ANHANG III Stichprobenplan für das Wiegen gefrorener Fischerzeugnisse — Durchführungsverordnung (EU) 2026/1932 der Kommission vom 10. August 2026 mit Durchführungsbestimmungen zu der Verordnung (EG) Nr. 1224/2009 des Rates hinsichtlich des Wiegens von Fischereierzeugnissen, ihrer Kontrolle und Inspektion sowie der Annahme von Stichprobenplänen, Kontrollplänen und gemeinsamen Kontrollprogrammen
In diesem Stichprobenplan sind die Mindestanforderungen für das Wiegen der folgenden Fischereierzeugnisse im Einklang mit einer gemäß Artikel 60 Absatz 3 Buchstabe a der Verordnung (EG) Nr. 1224/2009 genehmigten Ausnahmeregelung festgelegt.
a) Gefrorene Erzeugnisse aus der Fischerei auf kleine pelagische Arten und Grundfischarten, die in genormten Paletten sortiert angelandet werden, und
b) gefrorene Erzeugnisse aus der Fischerei auf große pelagische Arten mit geringem Einzelgewicht aus der Ringwadenfischerei auf tropischen Thunfisch, die unsortiert angelandet werden.

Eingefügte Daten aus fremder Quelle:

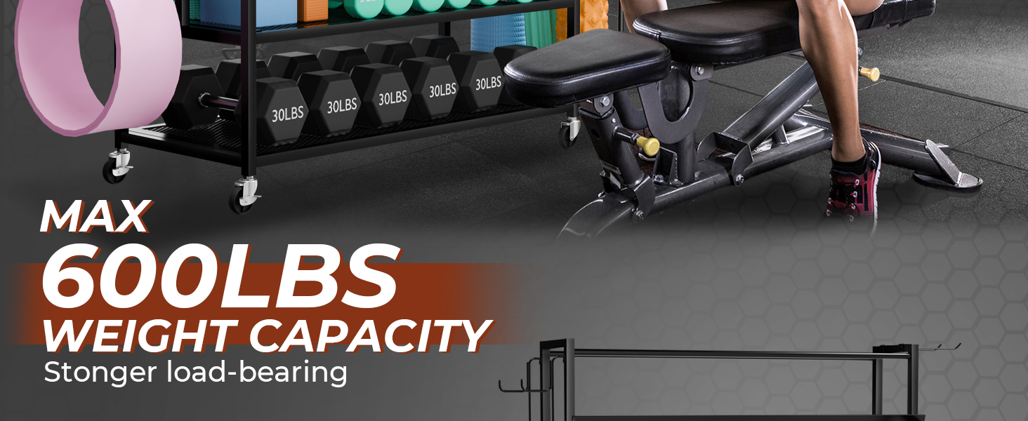 【سعة Largr إضافية-مزودة بأربعة طبقات من رفوف تخزين المعادن ، يمكن أن يخزن رف تخزين الصالة الرياضية المنزلية مجموعة متنوعة من الدمبل وغيرها من معدات التمرينات التي يتم نشرها ككتلة اليوغا.

1. Die Ausnahmeregelung gemäß Artikel 60 Absatz 3 Buchstabe a der Verordnung (EG) Nr. 1224/2009 unterliegt den Bedingungen dieses Anhangs und den Bestimmungen der Artikel 3 bis 8 der vorliegenden Verordnung.
2. Dieser Anhang gilt für gefrorene Erzeugnisse aus der Fischerei auf kleine pelagische Arten und Grundfischarten, die in genormten Paletten angelandet werden, sofern
a) der Kapitän den zuständigen Behörden des Anlandemitgliedstaats vor Beginn der Anlandung die geschätzte Gesamtzahl dieser Paletten mitteilt und
b) die Wiegemitgliedstaaten über Verfahren verfügen, die die genaue Zählung und Identifizierung aller angelandeten und gelagerten genormten Paletten gewährleisten und es ermöglichen, jede Palette bis zum Erstverkauf zu verfolgen, und sie diese Verfahren anwenden.
3. Dieser Anhang gilt für den Teil der Fänge von gefrorenen Erzeugnissen aus der Fischerei auf große pelagische Arten mit geringem Einzelgewicht aus der Ringwadenfischerei auf tropischen Thunfisch, der unsortiert angelandet wird und einen der Kommission vorgelegten und mit ihr vereinbarten Schwellenwert nicht überschreitet, sofern alle Mengen, die den geltenden Schwellenwert nicht überschreiten, vom Rest des Fangs getrennt, gewogen und bis zum Erstverkauf getrennt von anderen Fischereierzeugnissen gehalten werden, auch von gefrorenen Erzeugnissen aus der Fischerei auf große pelagische Arten, die den geltenden Schwellenwert überschreiten.
4. Zum Wiegen zugelassene Marktteilnehmer stellen sicher, dass alle angelandeten gefrorenen Fischereierzeugnisse, die für eine Beprobung gemäß diesem Anhang in Betracht kommen, eine einzige benannte Stelle durchlaufen, an der alle Paletten automatisiert gezählt und erfasst werden.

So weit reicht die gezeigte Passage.